--- START ---

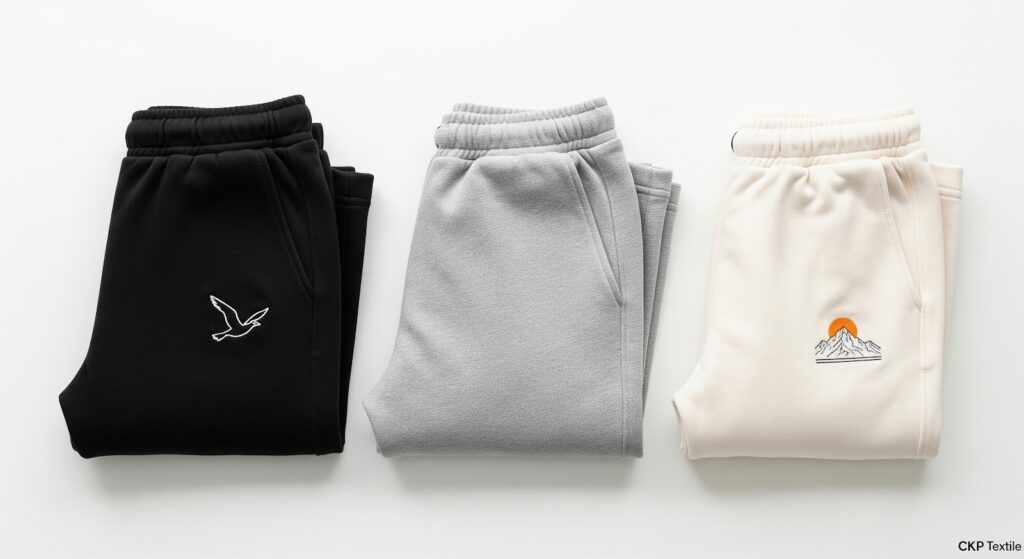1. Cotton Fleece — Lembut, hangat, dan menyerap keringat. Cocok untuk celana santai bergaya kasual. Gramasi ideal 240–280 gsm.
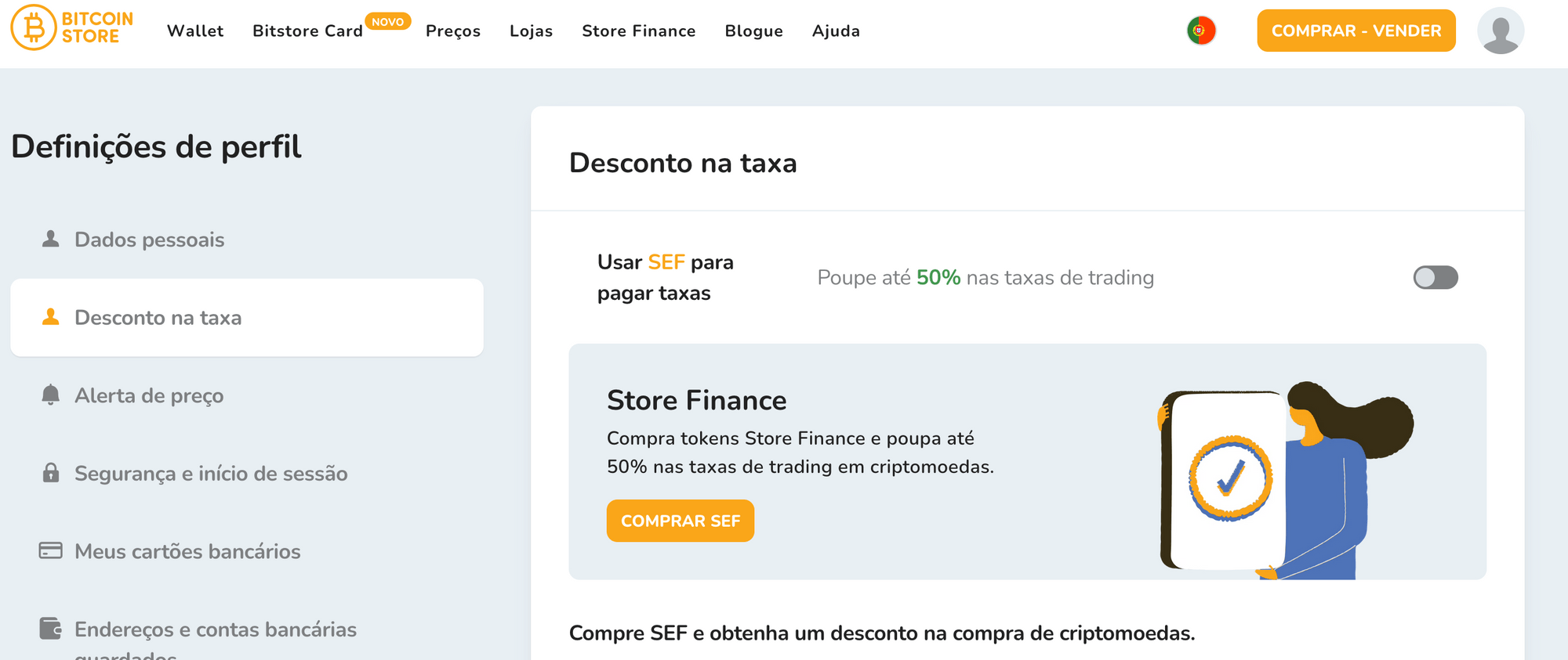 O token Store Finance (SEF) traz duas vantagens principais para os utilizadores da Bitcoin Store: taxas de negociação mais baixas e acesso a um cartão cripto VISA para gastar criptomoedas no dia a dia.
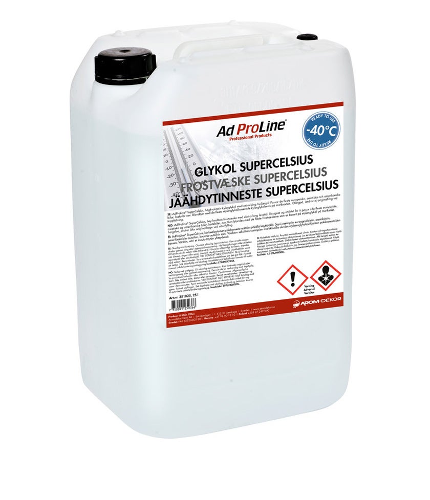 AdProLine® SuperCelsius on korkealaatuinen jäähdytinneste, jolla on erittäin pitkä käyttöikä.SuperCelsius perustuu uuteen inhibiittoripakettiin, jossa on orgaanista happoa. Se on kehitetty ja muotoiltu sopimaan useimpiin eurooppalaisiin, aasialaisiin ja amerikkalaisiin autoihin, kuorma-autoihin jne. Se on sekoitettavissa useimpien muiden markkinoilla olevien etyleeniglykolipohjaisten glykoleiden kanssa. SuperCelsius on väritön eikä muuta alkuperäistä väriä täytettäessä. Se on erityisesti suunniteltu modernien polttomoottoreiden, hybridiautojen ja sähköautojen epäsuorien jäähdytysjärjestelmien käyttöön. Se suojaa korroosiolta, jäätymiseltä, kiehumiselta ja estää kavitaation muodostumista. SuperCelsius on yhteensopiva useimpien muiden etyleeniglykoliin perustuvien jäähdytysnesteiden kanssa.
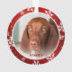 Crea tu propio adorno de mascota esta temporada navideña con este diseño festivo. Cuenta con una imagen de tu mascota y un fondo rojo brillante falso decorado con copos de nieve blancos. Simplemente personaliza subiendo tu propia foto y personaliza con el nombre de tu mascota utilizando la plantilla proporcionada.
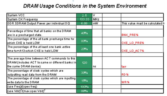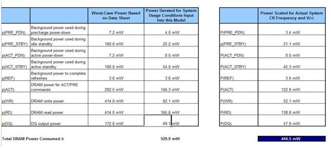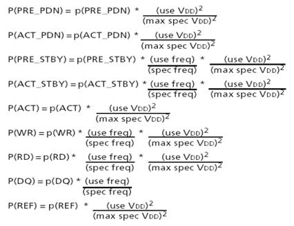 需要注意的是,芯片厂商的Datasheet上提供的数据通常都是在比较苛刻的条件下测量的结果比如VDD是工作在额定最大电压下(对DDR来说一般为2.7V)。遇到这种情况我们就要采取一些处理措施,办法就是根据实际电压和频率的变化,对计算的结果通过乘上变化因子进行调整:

--- END ---
--- START ---

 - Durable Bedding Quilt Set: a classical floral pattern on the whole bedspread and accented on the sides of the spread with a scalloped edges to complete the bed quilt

--- END ---

> _WORK INSTRUCTION_: Copy exactly the lines of the listing above between the one holding "1. Cotton Fleece" and the one holding "需要注意的是,芯片厂商的Da", inclusive; omit all pictures.

> _RESULT_:
1. Cotton Fleece — Lembut, hangat, dan menyerap keringat. Cocok untuk celana santai bergaya kasual. Gramasi ideal 240–280 gsm.
 O token Store Finance (SEF) traz duas vantagens principais para os utilizadores da Bitcoin Store: taxas de negociação mais baixas e acesso a um cartão cripto VISA para gastar criptomoedas no dia a dia.
 AdProLine® SuperCelsius on korkealaatuinen jäähdytinneste, jolla on erittäin pitkä käyttöikä.SuperCelsius perustuu uuteen inhibiittoripakettiin, jossa on orgaanista happoa. Se on kehitetty ja muotoiltu sopimaan useimpiin eurooppalaisiin, aasialaisiin ja amerikkalaisiin autoihin, kuorma-autoihin jne. Se on sekoitettavissa useimpien muiden markkinoilla olevien etyleeniglykolipohjaisten glykoleiden kanssa. SuperCelsius on väritön eikä muuta alkuperäistä väriä täytettäessä. Se on erityisesti suunniteltu modernien polttomoottoreiden, hybridiautojen ja sähköautojen epäsuorien jäähdytysjärjestelmien käyttöön. Se suojaa korroosiolta, jäätymiseltä, kiehumiselta ja estää kavitaation muodostumista. SuperCelsius on yhteensopiva useimpien muiden etyleeniglykoliin perustuvien jäähdytysnesteiden kanssa.
 Crea tu propio adorno de mascota esta temporada navideña con este diseño festivo. Cuenta con una imagen de tu mascota y un fondo rojo brillante falso decorado con copos de nieve blancos. Simplemente personaliza subiendo tu propia foto y personaliza con el nombre de tu mascota utilizando la plantilla proporcionada.
 需要注意的是,芯片厂商的Datasheet上提供的数据通常都是在比较苛刻的条件下测量的结果比如VDD是工作在额定最大电压下(对DDR来说一般为2.7V)。遇到这种情况我们就要采取一些处理措施,办法就是根据实际电压和频率的变化,对计算的结果通过乘上变化因子进行调整:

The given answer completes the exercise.